4) Responsibilities: Blending Strategy and Execution

Make it clear this is a builder-operator role.

Strategic Leadership

  • Advise the CEO and exec team on org design, succession, and change management.
  • Own the employee experience—from first touch to alumni.
  • Champion DEI as a business strategy woven into hiring, promotion, and pay equity.
  • Translate culture into operating mechanisms (all-hands, feedback cadences, decision rights).

Functional Design & Execution

  • Talent Acquisition: Build a data-driven engine (scorecards, structured interviews, bar-raising loop).
  • Onboarding: Design an experience that gets new hires to productivity quickly.
  • HR Tech: Select and implement HRIS/payroll that scales; automate where possible.
  • Total Rewards: Create cash/equity bands, leveling, and a transparent philosophy.
  • Performance & Growth: Implement cycles, calibration, and L&D that grow leaders.
  • Compliance: Establish lightweight, scalable guardrails that protect the company without slowing it down.

Phrase like a builder: not “manage payroll,” but “Select and implement HRIS/payroll to support multi-site growth.”

5) Ideal Candidate: Traits Over Checklists

Ditch the unicorn wish list.

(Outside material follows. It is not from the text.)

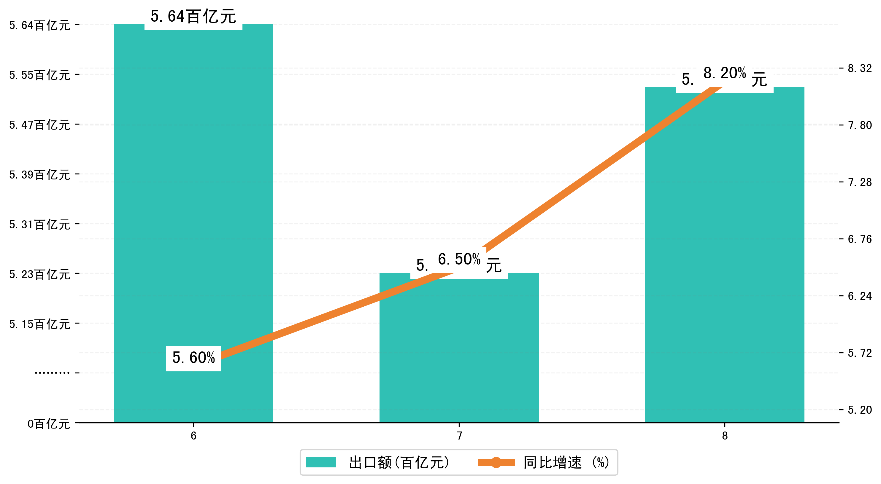 以人民币计,2024年1-8月杭州市出口额为3813,8253.5583万元,相比上年同期增加了289,6127.8621万元,同比增加了8.20%。

Describe how they work.

Experience

  • Built or led People functions in a high-growth environment (e.g., scaled from ~50 → 200+).
  • Hired and developed managers; implemented performance and rewards from first principles.

Mindset

  • Systems thinker with a founder mentality. Comfortable with ambiguity and speed.
  • Balances craft and pragmatism: ships the V1 now, iterates to V2/V3.

Skills

  • Org design, workforce planning, and talent strategy.
  • Coaching: can level up a new manager and pressure-test org proposals with the CEO.
  • Analytical: uses data to prioritize, not just to report.

Attributes

  • High EQ, low ego, trusted advisor.
  • Clear communicator who writes operating docs that endure.
  • Bias to action; knows when “good enough” protects runway.

Conclusion: The JD Is Your First Pitch

The JD Is Your First Pitch

A great JD for a founding People leader isn’t a task list—it’s a strategic document. It should sell the missiondefine outcomes, and attract a builder who can ship V1 systems that unlock scale. Think of it like software architecture: you’re choosing the person who will define patterns, guardrails, and interfaces for how your company works as it grows. Get this hire right and you gain a force multiplier—higher hiring quality and speed, stronger management, healthier culture, and a longer runway through lower regrettable attrition.

Don’t settle for a template. Invest the extra hour to describe your stage, your gaps, and the business outcomes that matter. Your future leadership bench—and company culture—depend on it. Now, open a blank doc and start architecting the JD that will attract the person who helps you build a company that lasts.